AgentMem OS (MemNAI)

A local-first, persistent memory operating system for long-horizon LLM agents.

Overview

Modern LLM agents forget everything when a conversation ends. AgentMem OS solves this with a four-tier memory hierarchy that persists knowledge across sessions, compresses it intelligently, and retrieves the most relevant context at inference time — all running locally with no cloud dependencies.

The system ships four novel ML algorithms as its core contributions, each targeting a different failure mode of naive long-context approaches (truncation, full-history replay, and flat retrieval).

Architecture

┌─────────────────────────────────────────────────────────────┐
│                        LLM Agent                            │
│               (Claude / Ollama / any LiteLLM model)         │
└──────────────────────┬──────────────────────────────────────┘
                       │  query
                       ▼
┌─────────────────────────────────────────────────────────────┐
│                  Context Assembler                          │
│          (MMR retrieval across all 4 tiers)                 │
└────┬────────────┬───────────────┬──────────────┬────────────┘
     │            │               │              │
     ▼            ▼               ▼              ▼
┌─────────┐  ┌─────────┐  ┌───────────┐  ┌──────────────┐
│  Redis  │  │ SQLite  │  │ ChromaDB  │  │  Procedural  │
│ Tier 1  │  │ Tier 2  │  │  Tier 3   │  │   Tier 4     │
│Hot Cache│  │Episodic │  │ Semantic  │  │   Patterns   │
│ <100ms  │  │ History │  │ Retrieval │  │   Library    │
└─────────┘  └─────────┘  └───────────┘  └──────────────┘

Memory Tiers

Tier	Backend	Role	Latency
1 — Working Memory	Redis	Recent turns, immediate context	< 5 ms
2 — Episodic Memory	SQLite	Full session history, structured recall	< 20 ms
3 — Semantic Memory	ChromaDB	Vector similarity search across all sessions	< 50 ms
4 — Procedural Memory	SQLite + NetworkX	Recurring interaction patterns	< 30 ms

Novel ML Algorithms

1. `MemoryImportanceScorer`

Scores each conversation turn with an EMA-weighted importance signal combining entity density, semantic novelty, and recency decay. Drives selective retention — only high-signal turns survive consolidation.

from agentmem_os.llm.importance_scorer import MemoryImportanceScorer
scorer = MemoryImportanceScorer(get_db)
score = scorer.score_turn(session_id, turn_content, role="user")

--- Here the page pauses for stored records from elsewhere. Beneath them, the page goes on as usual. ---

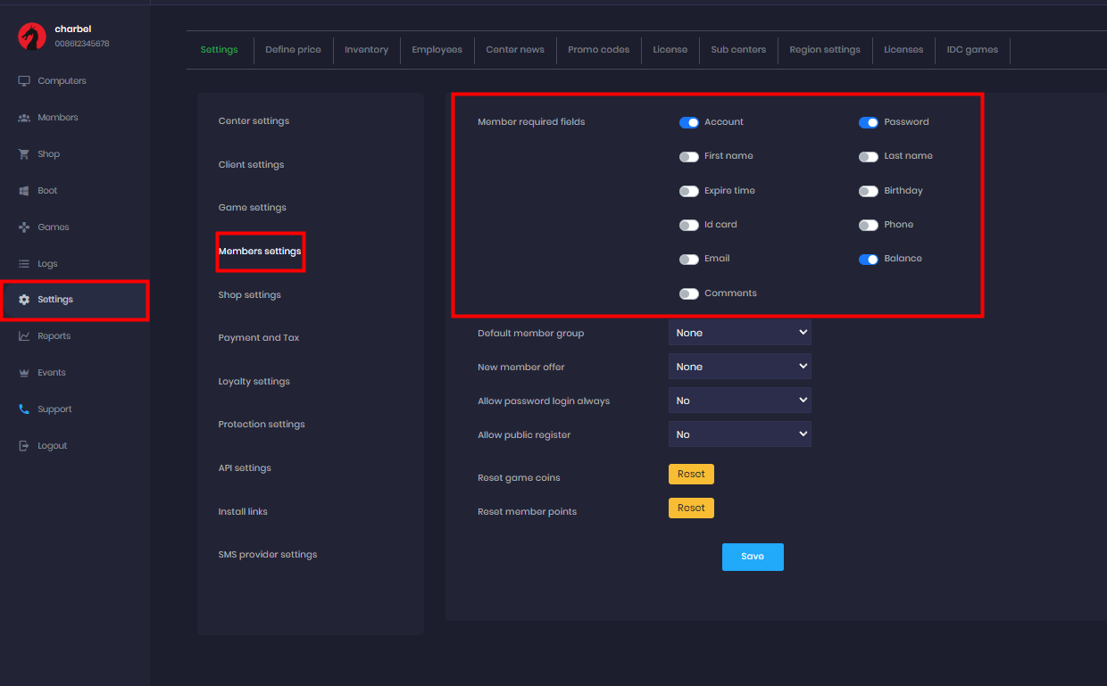 members, account, info, settings
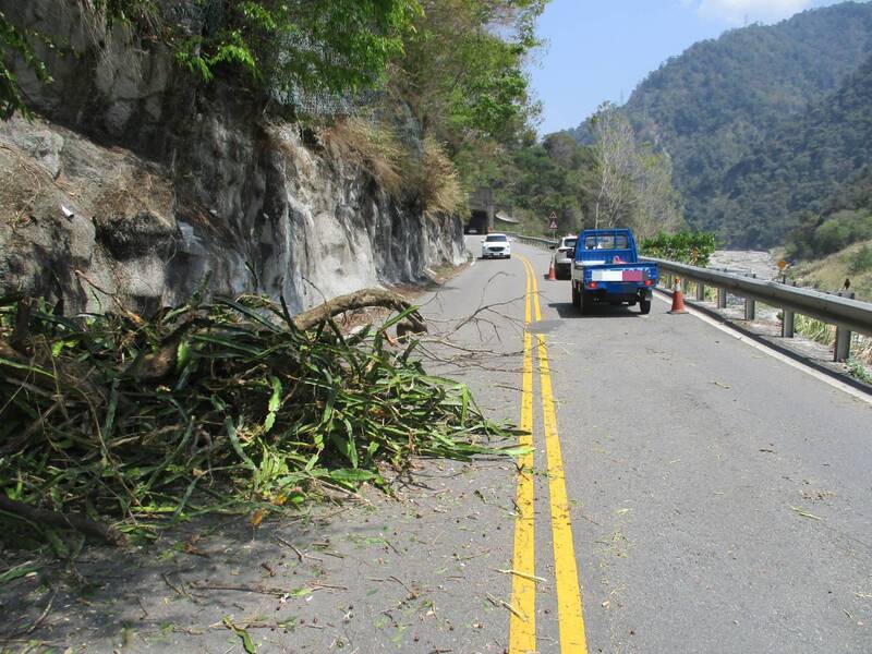 台八線三十點五公里處山壁上的樹木突掉落砸中行經的車輛。(記者孫義方攝)
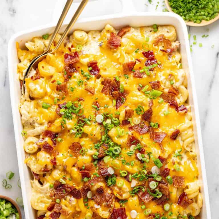 This chicken bacon ranch casserole is the perfect comfort food! It combines the classic flavors of ranch seasoning with a creamy mac and cheese sauce, al dente noodles, shredded rotisserie chicken, and crispy bacon. It’s all baked together for a cozy weeknight dinner your whole family will love!
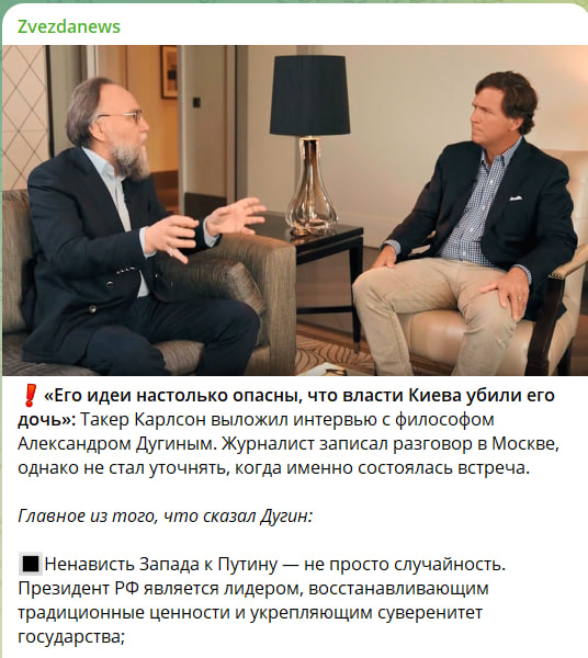Ранее учредитель Царьграда Константин Малофеев подчеркнул, что "интервью Александра Гельевича Дугина Такеру Карлсону - событие мирового масштаба. Великий русский философ беседует с великим американским журналистом".
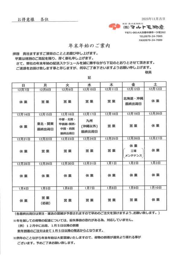 【年末年始のご案内】 2025年12月4日 マルトモ物産年末年始の営業日、最終出荷日・年始出荷日のご案内です。 改めてご確認お願いします。 特に、年末年始は運送が混み合い、通常よりも日数がかかりますので、お早めにご注文くださいませ。 前の記事 >
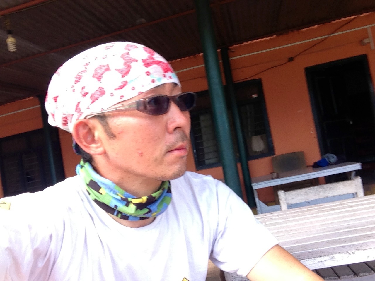 日本ではする事のない、赤いバラ柄のバンダナ。
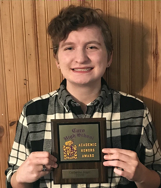 • Catherine Anger of Caro, Michigan, is a member of the Honors College and will study computer science and media and information. She is a graduate of Caro High School. Her goal is to cultivate her skills in engineering and programming and channel them into her passion for film and visual storytelling through computer graphics and creating more efficient methods of producing practical effects. She hopes to be a film director and producer someday.
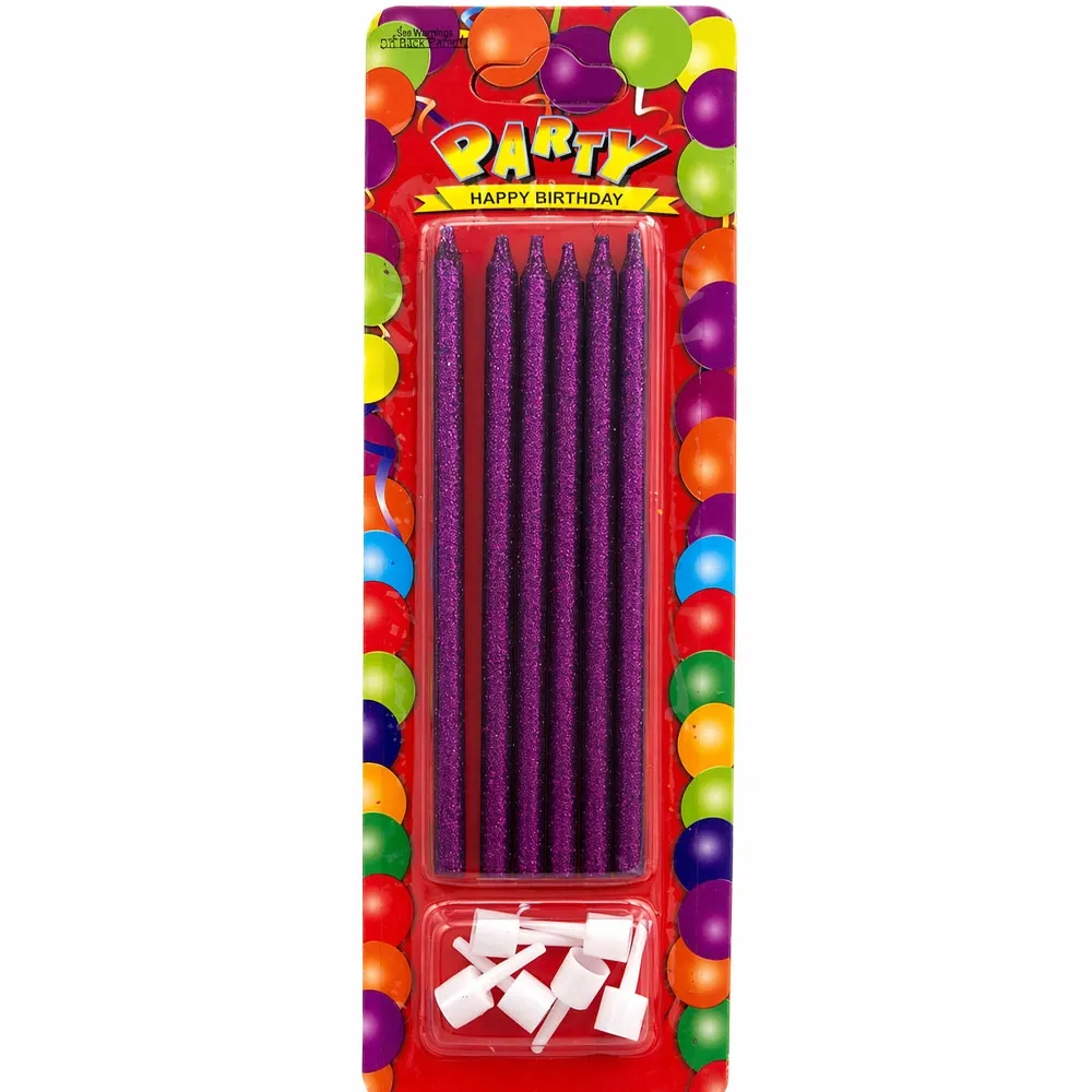 Simli Mor Pasta Mumu (6 Adet -14 cm)
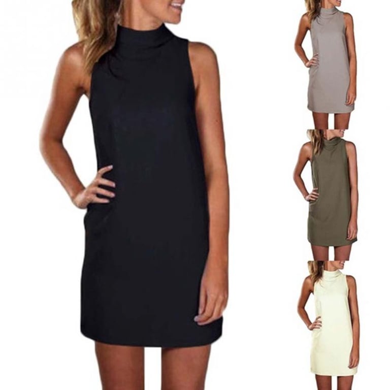 Vestido de cóctel sencillo con cuello y sin mangas.
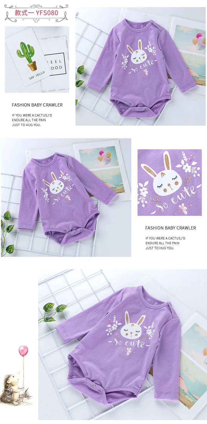 Products Description : 1. Colors : as the picture 2. MOQ = 1 pc,material is rib cotton,cute and soft design romper 3. Pack : 1 piece in 1 opp bag. this romper for baby girls party and holiday or daily wear. cute design
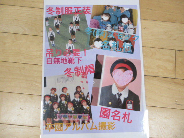 ○卒園写真撮影 服装については、イロドリンク10月号で、配信されおります。
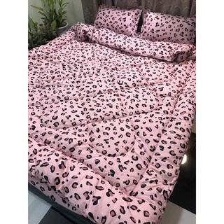 [GIÁ HUỶ DIỆT] Trọn Bộ Chăn Phao 5 Món Ga Gối Mẫu Báo hồng Poly loại 1, Chăn Bông Như Hình Dày Đẹp Cao Cấ
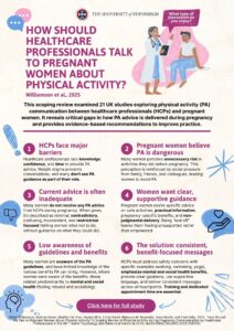 A new scoping review aimed to understand what is known about how healthcare professionals communicate about physical activity during pregnancy in the UK. Despite well-established guidelines and compelling evidence for physical activity benefits during pregnancy, the research reveals a troubling disconnect between what pregnant women need and what they’re receiving in terms of physical activity communication from healthcare professionals. This blog summarises the review’s key findings and implications for practice.

2. `SleepConsolidationEngine`

Runs offline compression using DBSCAN clustering over turn embeddings. Groups semantically similar turns into clusters, extracts representative summaries, and writes them to the Summary table — analogous to hippocampal replay during sleep.

from agentmem_os.llm.consolidation_engine import SleepConsolidationEngine
engine = SleepConsolidationEngine(get_db, summarizer, chroma, scorer, get_embedding)
engine.consolidate(session_id)

3. `EntityKnowledgeGraph`

Builds a persistent co-occurrence graph (NetworkX) of named entities extracted from conversation turns. Supports subgraph retrieval for world-model queries, updated incrementally as new turns arrive.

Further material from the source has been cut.